好きな日本語――いただきます【読者からの投稿コーナー】
兵庫教育大学 中国からの留学生 鄧 宜娟(とう ぎけん)さん
「いただきます」は、食事を始める際の日本語の挨拶である。日本語を勉強し始めたばかりの時、この言葉が中国語に無いので少し気になった。よく調べて、「いただきます」の日本語に含まれている日本人の感情を理解できたら、だんだんこの言葉を好きになった。
「いただく」は「もらう」「食べる」「飲む」の謙譲語、丁寧語である。「いただきます」はこの「いただく」から派生したもので、「ます」をつけないと挨拶として機能しない連語である。中国語に無いのは、中国人が食事する前にあまり挨拶しないからである。今の漫画やドラマでこの言葉が強引に訳されると、中国語の「では、食事を始めます」になってしまう。この訳し方は中国人の食事がいつも一番年上の人が、「では、食事を始めます」と言ったら始まるという習慣に応対している。これは本来の意味はこれから食べようとしている相手ヘかける言葉であり、「いただきます」とはやや性格を異にする。それで、このいただくの気持ちは伝えられなかったのだと思う。

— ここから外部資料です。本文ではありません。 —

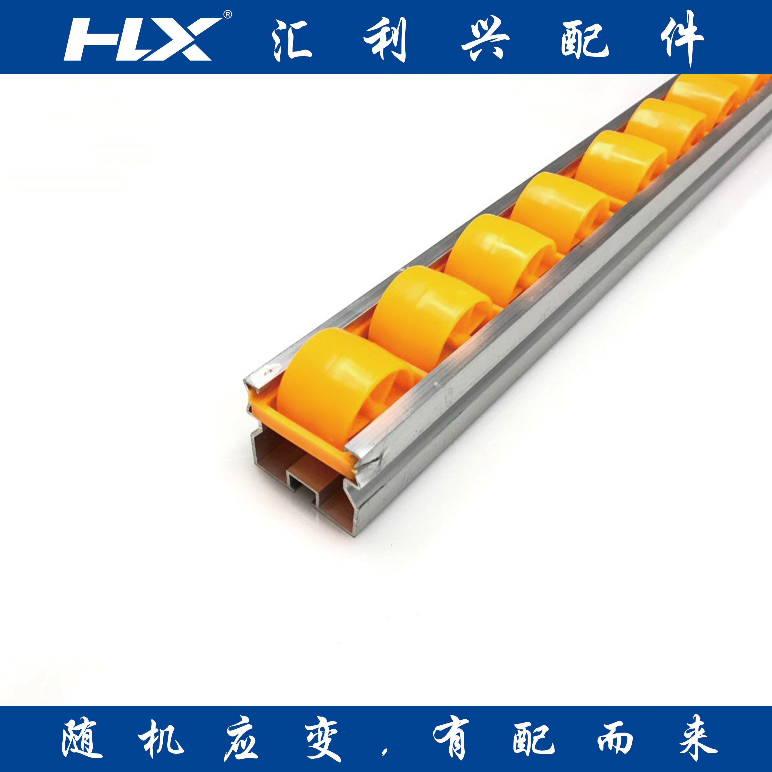 流利條系列:HLX-4A-2鋁合金流利條匯利興產(chǎn)品這流水線配件流利條系列,流利條主要用于輸送、倉儲(chǔ)系統(tǒng)配套產(chǎn)品,可用作滑軌、護(hù)欄、導(dǎo)向裝置、滾動(dòng)性能好、成本低。滾輪采用高品質(zhì)的熱塑性塑料制成,具有摩擦系數(shù)小、抗沖擊、壽命長(zhǎng)、耐酸堿性、耐潮溫等優(yōu)點(diǎn)。當(dāng)貨物重量超過額定的負(fù)荷時(shí),可在一個(gè)通道安裝多根流利條。安裝傾斜度取決于重量以及流利架的深度,一般3O~6O(5%~9%)。通常在深度方向上每隔600mm~800mm安裝一根支撐梁以增強(qiáng)流利條的剛度。滾輪顏色可選:黃色,藍(lán)色,白色,黑色等其他顏色。輪距常用為:35mm,45mm 并可以根據(jù)實(shí)際使用情況定尺生產(chǎn)。我司專業(yè)生產(chǎn)鋁全金流利條,載重流利條,板金流利條,鋁全金流利條接頭,板金流利條接頭等流水線配件。 |

この言葉の由来の一つの説は、日本の道徳やマナー教育などにおいて、食材となった動植物の命への感謝だということである。これによって、食材の命を頂いて、自分の命を養わせてもらう、その感謝を意味しているという。それだけではなく、料理を作ってくれる人、野菜を作ってくれる人にも感謝の気持ちを表している。家庭では母親に対して、人を訪ねる時はホストに対して感謝している。この精神は日本人が食材を大切にして、ご飯を出来るだけ食べきることへの習慣にも表れている。
この背景を知ってから、私も食事する時に日本人を真似して、手を合わせて、「いただきます」と言うようにしている。